Consistency ensures internal coherence and logical integrity within textual records. Redman [
56] established consistency as a critical dimension of data quality, referring to the uniformity and coherence of data within and across records. Building upon Gharehchopogh and Khalifelu’s [
57] work on evaluating topic relevance in textual data, we include adjacent sentence similarity and full-text similarity as indicators of logical consistency and minimal redundancy within hotline work orders, improving semantic integrity and operational efficiency.
Compared to previous studies primarily focused on structured data or general metrics, our framework uniquely addresses the challenges posed by unstructured or semi-structured textual records, thus providing a nuanced and operationally relevant evaluation system for government hotline data.
Numerous studies affirm the critical role of rigorous data quality standards in improving governmental performance. Li and Shang [
58] showed that robust data standards significantly enhance administrative efficiency, while Cheng and Liu [
59] demonstrated that improved data governance substantially enhances policy effectiveness. Consequently, we propose the following hypotheses:
H1: Data record standards positively affect work order completion.

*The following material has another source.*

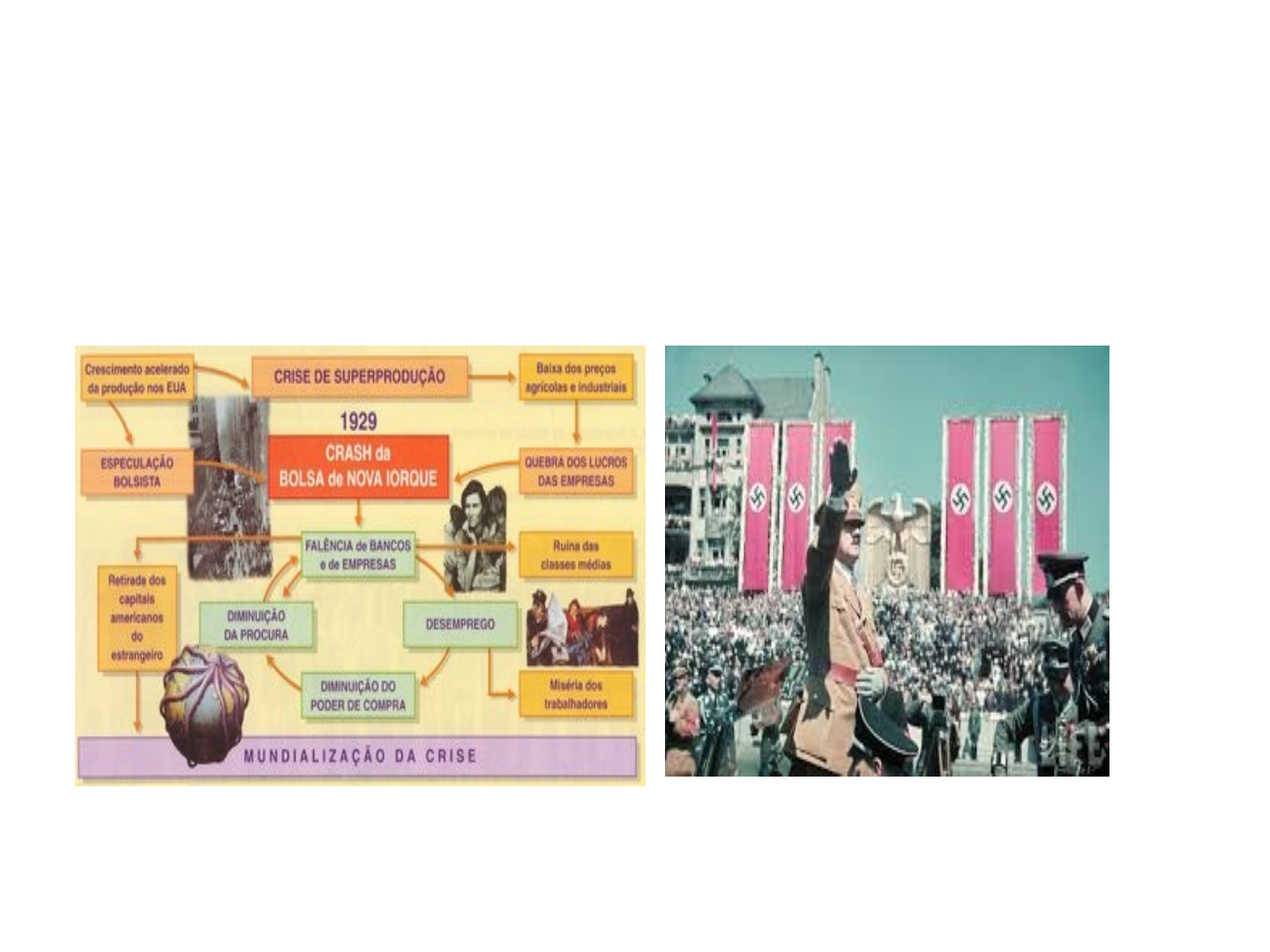 <p>A Crise de 1929 e o nazifascismo</p><p>1. Introdução:</p><p>a) Definição:</p><p>- Momento marcado pela quebra da Bolsa de valores de Nova Iorque, generalização de uma crise econômica mundial e de questionamentos ao liberalismo, ascensão de regimes antiliberais (nazifascismo e comunismo).</p><p>Efeitos da crise:</p><p>- As ações da bolsa se desvalorizaram fortemente em poucos dias. Pessoas muitos ricas, passaram, da noite para o dia, para a classe pobre. O número de falências de empresas foi enorme e o desemprego atingiu quase 30% dos trabalhadores.</p><p>- Como nesta época, diversos países do mundo mantinham relações comerciais com os EUA, a crise acabou se espalhando por quase todos os continentes.</p><p>New Deal: a solução (1933)</p><p>No governo de Franklin Delano Roosevelt, presidente dos EUA, foi colocado em prática o plano conhecido como New Deal:</p><p>controle de preços e da produção das indústrias e das fazendas. Evitando a inflação e a formação de estoques.</p><p>Grandes investimentos em obras públicas (estradas, aeroportos, ferrovias, energia elétrica etc), conseguindo diminuir significativamente o desemprego.</p><p>Na década de 1940 a economia norte-americana já estava funcionando normalmente.</p><p>Nazifascismo:</p><p>Conceito: Modelo de governo (TOTALITÁRIO) característico de alguns países no período entre guerras (1918 – 1939). Ditadura onde o Estado controla a sociedade e o indivíduo é submisso ao Estado.</p><p>ITÁLIA, ALEMANHA, PORTUGAL , ESPANHA.</p><p>Características básicas:</p><p>– Ultranacionalismo (xenófobo).</p><p>– Totalitarismo.</p><p>– Militarismo.</p><p>– Anticomunismo.</p><p>– Antiliberalismo.</p><p>– Unipartidarismo.</p><p>– Culto ao líder.</p><p>– Propaganda governamental</p><p>– Educação dirigida.</p><p>– Racismo (Nazismo).</p><p>– Expansionismo territorial (Nazi)</p><p>– Corporativismo (Fascismo).</p><p>Fascismo Italiano:</p><p>Surgimento dos “Fascio de Combate” (1919): Grupo de combatentes liderados por Benito Mussolini,. Reprimia movimentos populares sociais com extrema violência.</p><p>Formavam tropas fardadas de preto, tendo o apelido de “Camisas Negras”.</p><p>Eram apoiados e financiados por grupos burgueses. (medo do comunismo)</p><p>Transformado no início da década de 20 no Partido Nacional Fascista.</p><p>PROPAGANDA FASCISTA</p><p>–1922: Marcha sobre Roma - 50 mil camisas negras marcham exigindo a colocação de Mussolini no poder.</p><p>–Mussolini assume o poder e implanta ditadura. É chamado de “Duce”.</p><p>–1929: Tratado de Latrão – criação do Estado do Vaticano, que dá ao governo de Mussolini o reconhecimento e apoio da Igreja Católica.</p><p>–Perseguição de opositores (especialmente comunistas), fechamento de partidos, controle do ensino e comunicações, ênfase no patriotismo , criação de obras públicas, incentivo a agricultura e indústria bélica.</p><p>–1936: Reforço do neocolonialismo – invasão da Etiópia.</p><p>Culto à Mussolini</p><p>Nazismo alemão</p><p>A Alemanha após 1ª Guerra Mundial organiza a República de Weimar (presidencialismo-parlamentarista), que enfrenta vários problemas:</p><p>-Tratado de Versalhes. (Humilhação)</p><p>-Dívidas de guerra.</p><p>-Necessidade de reconstrução.</p><p>-Crise econômica.</p><p>- Fome, miséria, desemprego. -Hiperinflação (chegando a 32400% ao mês!).</p><p>-Crescimento dos grupos comunistas nas eleições.</p><p>1919: surgimento do PNSTA (NAZI)</p><p>Grupo semelhante aos fascistas da Itália.</p><p>-Combate a manifestações de comunistas na Alemanha.</p><p>-SA (Seções de Assalto):conhecidos como “Camisas Pardas”- perseguições a opositores,</p><p>Apoio da burguesia ( medo do comunismo)</p><p>-1923: PUTSCH DE MUNIQUE – golpe fracassado dos nazistas.</p><p>-Hitler é preso</p><p>–1932: Devido a crise de 29, os nazistas se fortalecem, e conquistam 1/3 do parlamento alemão (Reichstag).</p><p>–1933: Hitler é nomeado 1º ministro.</p><p>-“Mein Kampf” (Minha Luta): - -</p><p>- superioridade racial, anti-semitismo, espaço vital, não cumprimento do Tratado de Versalhhes.</p><p>–Reichstag é incendiado pelos nazistas – pretexto para seu fechamento bem como o cancelamento de eleições e todos os partidos políticos. Culpa é atribuída aos comunistas que são severamente perseguidos, presos e mortos;</p><p>–1934: Hitler é nomeado “Führer” (guia do povo) e proclama o 3º Reich (Império).</p><p>– Criação das SS (Seções de Segurança – polícia política) e GESTAPO (polícia secreta), ambos para perseguir opositores ou “ameaças” ao regime.</p><p>– 1935: Leis de Nuremberg (início das perseguições aos Judeus)</p><p>ürestrição da cidadania e direitos aos judeus.</p><p>- 1938: Noite dos cristais - 5700 estabelecimentos judaicos (entre eles 267 sinagogas) depredados, como num prenúncio do posterior holocausto.</p><p>As idéias nazistas foram difundidas graças ao talento oratório de Hitler , uma propaganda grandiosa difundindo o nacionalismo, o militarismo, a superioridade ariana, o antissemitismo, o expansionismo. Uso de meios espetaculares para influenciar a opinião pública e atrair o apoio da sociedade aos projetos de Hitler.</p><p>Propaganda sobre a superioridade do homem ariano (Goebbels: espécie ministro das comunicações)</p><p>Total controle da educação</p><p>Foto de crianças alemãs com um livro didático anti-semita chamado Der Giftpilz (O cogumelo venenoso). E o controle da Educação.</p><p>Propaganda do desenvolvimento econômico</p><p>Na cerimônia de acendimento da pira, a suástica apareceu mais do que o simbolo das Olimpíadas</p><p>Investimentos em esportes e espaços esportivos para o povo</p><p>Jesse Owens, norte-americano, ganha qutro medalhas de ouro e deixe Hitler contrariado.</p><p>Ações Nazistas</p><p>–Criação de obras públicas, investimentos na indústria bélica, controle dos trabalhadore

Furthermore, the impact of data quality standards may vary across different work order fields. Studies indicate that sectors with structured workflows, like transportation and healthcare, typically exhibit greater sensitivity to enhanced data accuracy and standardization [
60,
61]. Hence, we hypothesize the following:
H2: The work order field moderates the relationship between data record standards and work order completion.
Similarly, organizational capabilities also influence how effectively data standards are utilized. Strong organizational competencies in data management significantly enhance data quality implementation and operational outcomes [
62]. Departments with better training and clearer processes are more effective in utilizing standardized data, while those with limited capacities may struggle to realize these benefits. Thus, we propose the following:
H3: The work order handling department moderates the relationship between data record standards and work order completion.
These hypotheses form the basis of our proposed framework, as illustrated in
Figure 2. This figure illustrates the evaluation framework for government hotline data record standards. In particular, six secondary indicators—including dispatch accuracy, classification predictability, record accuracy, address accuracy, adjacent sentence similarity, and full-text similarity—are employed to assess data standards. The evaluation results are further linked to key work order attributes, such as the work order field and handling department, in order to analyze their influence on work order completion.